DATA UNDER STUDY:
■ ■ ■ ■ ■

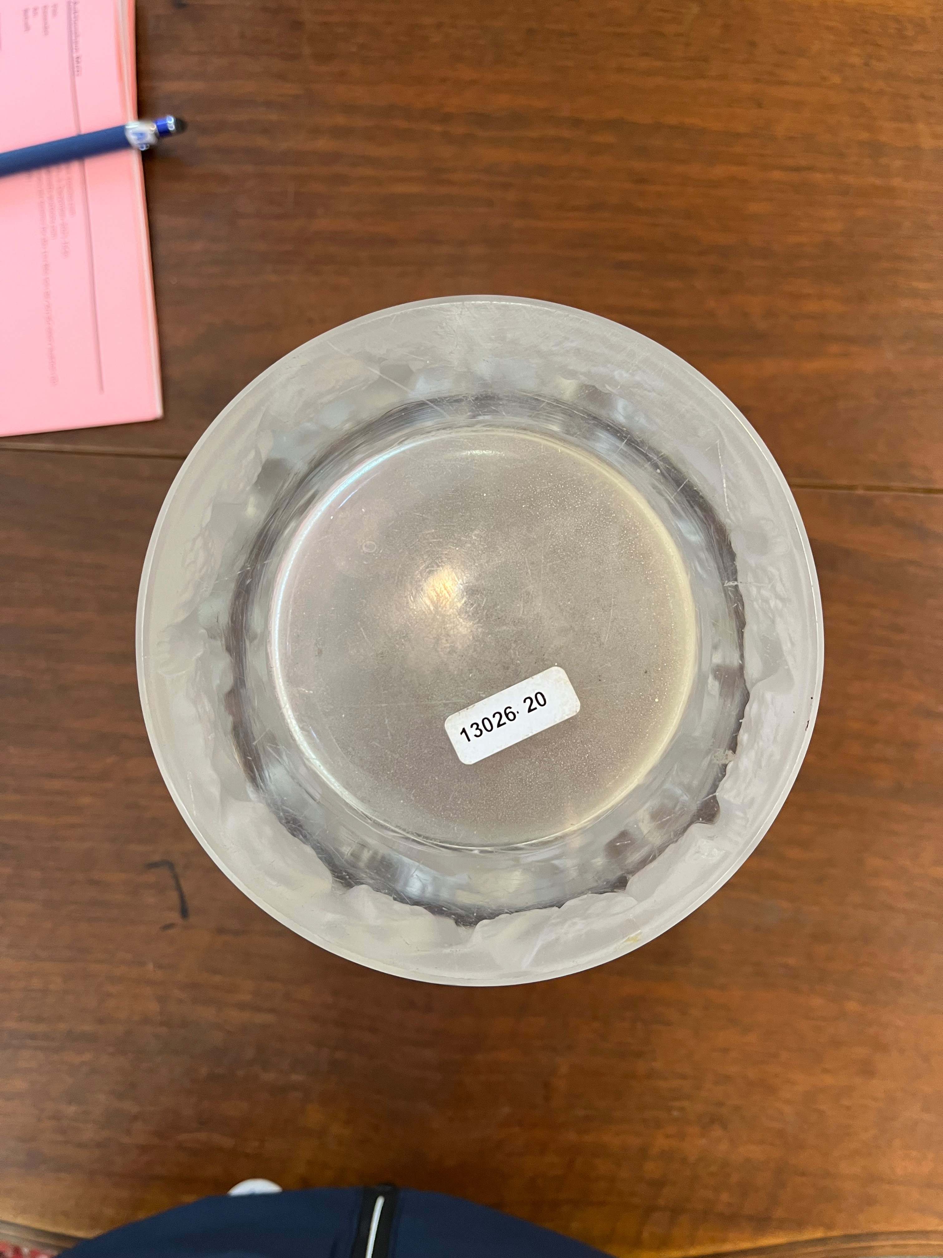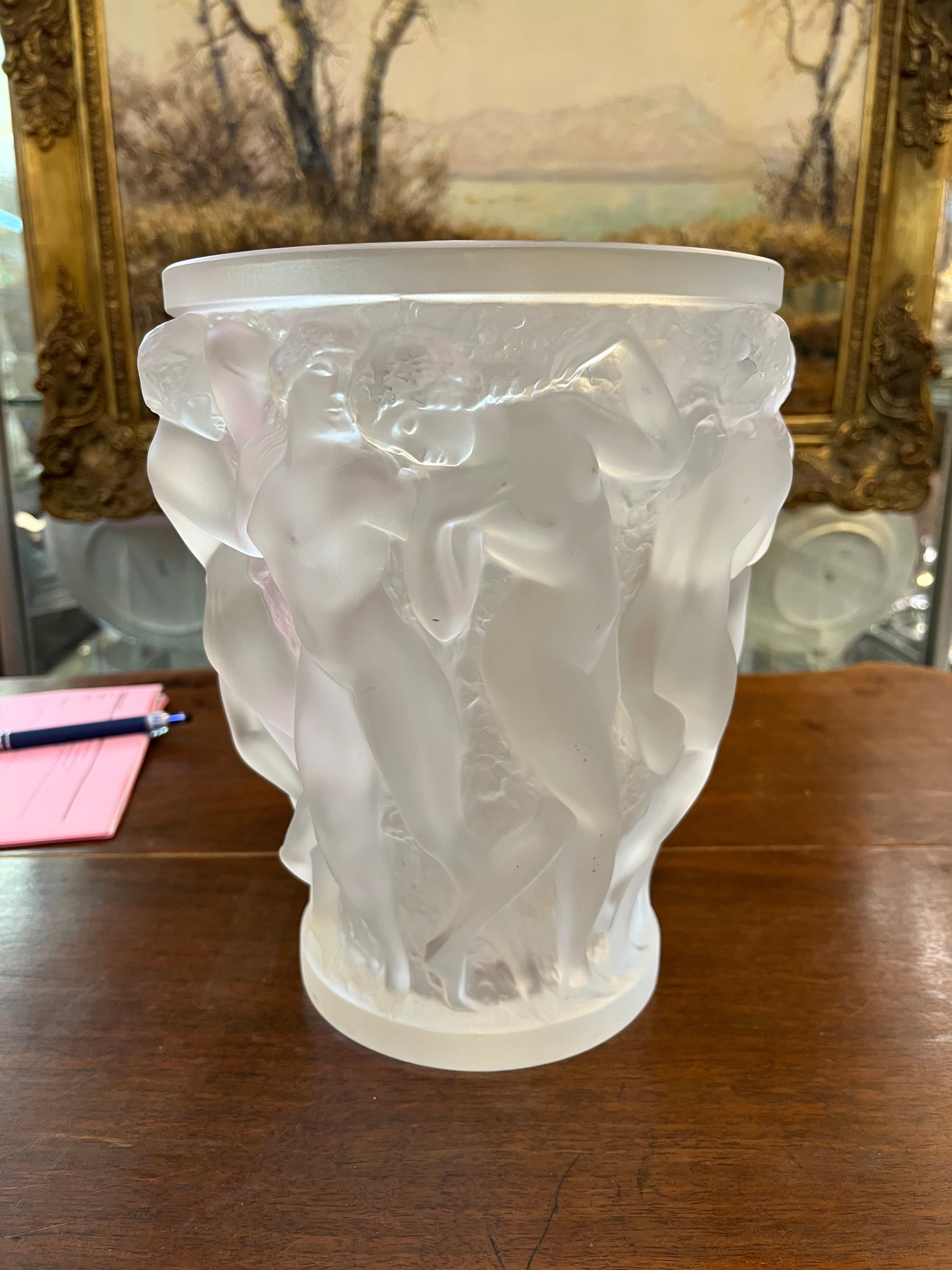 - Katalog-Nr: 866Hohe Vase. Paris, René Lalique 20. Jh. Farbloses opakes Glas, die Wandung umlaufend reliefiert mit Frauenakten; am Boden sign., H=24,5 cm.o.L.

■ ■ ■ ■ ■

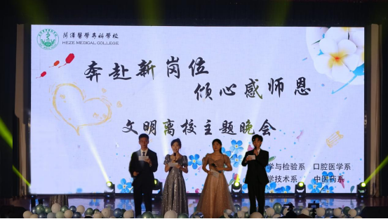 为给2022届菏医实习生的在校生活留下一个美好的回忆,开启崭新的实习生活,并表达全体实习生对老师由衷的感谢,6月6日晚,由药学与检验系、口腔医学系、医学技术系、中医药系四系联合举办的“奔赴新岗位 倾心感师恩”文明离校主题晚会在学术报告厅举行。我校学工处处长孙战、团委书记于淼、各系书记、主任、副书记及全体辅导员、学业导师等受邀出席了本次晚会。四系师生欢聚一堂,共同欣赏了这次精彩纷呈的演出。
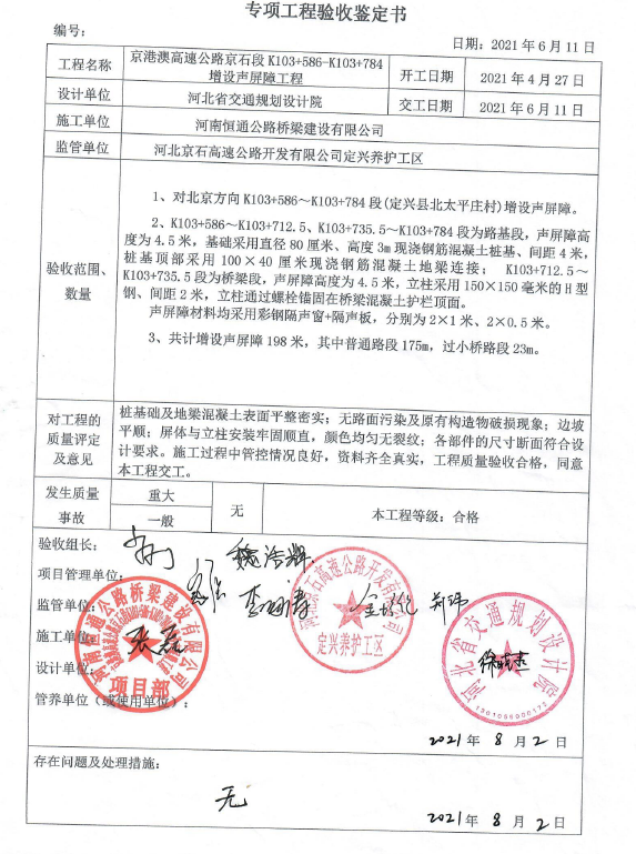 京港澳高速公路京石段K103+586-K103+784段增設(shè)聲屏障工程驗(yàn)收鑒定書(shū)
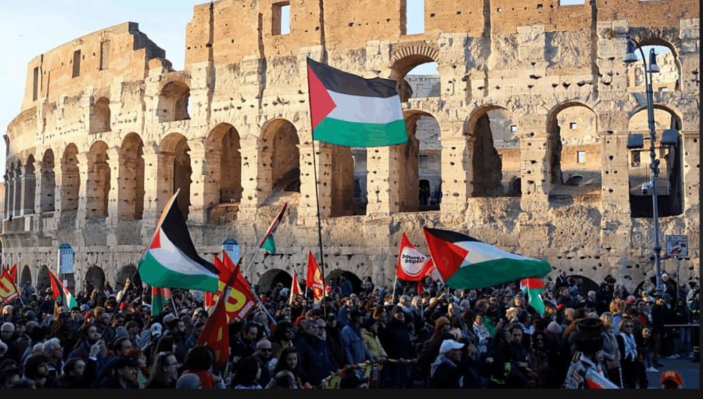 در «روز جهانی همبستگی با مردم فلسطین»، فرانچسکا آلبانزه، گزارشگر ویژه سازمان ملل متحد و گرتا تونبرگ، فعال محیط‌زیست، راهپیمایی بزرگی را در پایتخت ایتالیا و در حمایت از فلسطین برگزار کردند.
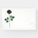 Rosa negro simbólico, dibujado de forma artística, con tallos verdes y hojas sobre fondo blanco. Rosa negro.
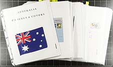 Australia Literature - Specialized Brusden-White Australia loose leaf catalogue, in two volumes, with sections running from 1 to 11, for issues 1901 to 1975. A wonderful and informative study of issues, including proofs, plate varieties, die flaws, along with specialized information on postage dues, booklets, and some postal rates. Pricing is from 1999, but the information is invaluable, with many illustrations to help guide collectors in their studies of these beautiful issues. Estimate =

■ ■ ■ ■ ■

ACTIVITY:
Look through the listing above for the line with "Rosa negro simbólico, dibujado" and the line with "Australia Literature - Specialized". Write out exactly those lines and everything between, leaving out pictures.

WRITTEN SOLUTION:
 Rosa negro simbólico, dibujado de forma artística, con tallos verdes y hojas sobre fondo blanco. Rosa negro.
 Australia Literature - Specialized Brusden-White Australia loose leaf catalogue, in two volumes, with sections running from 1 to 11, for issues 1901 to 1975. A wonderful and informative study of issues, including proofs, plate varieties, die flaws, along with specialized information on postage dues, booklets, and some postal rates. Pricing is from 1999, but the information is invaluable, with many illustrations to help guide collectors in their studies of these beautiful issues. Estimate =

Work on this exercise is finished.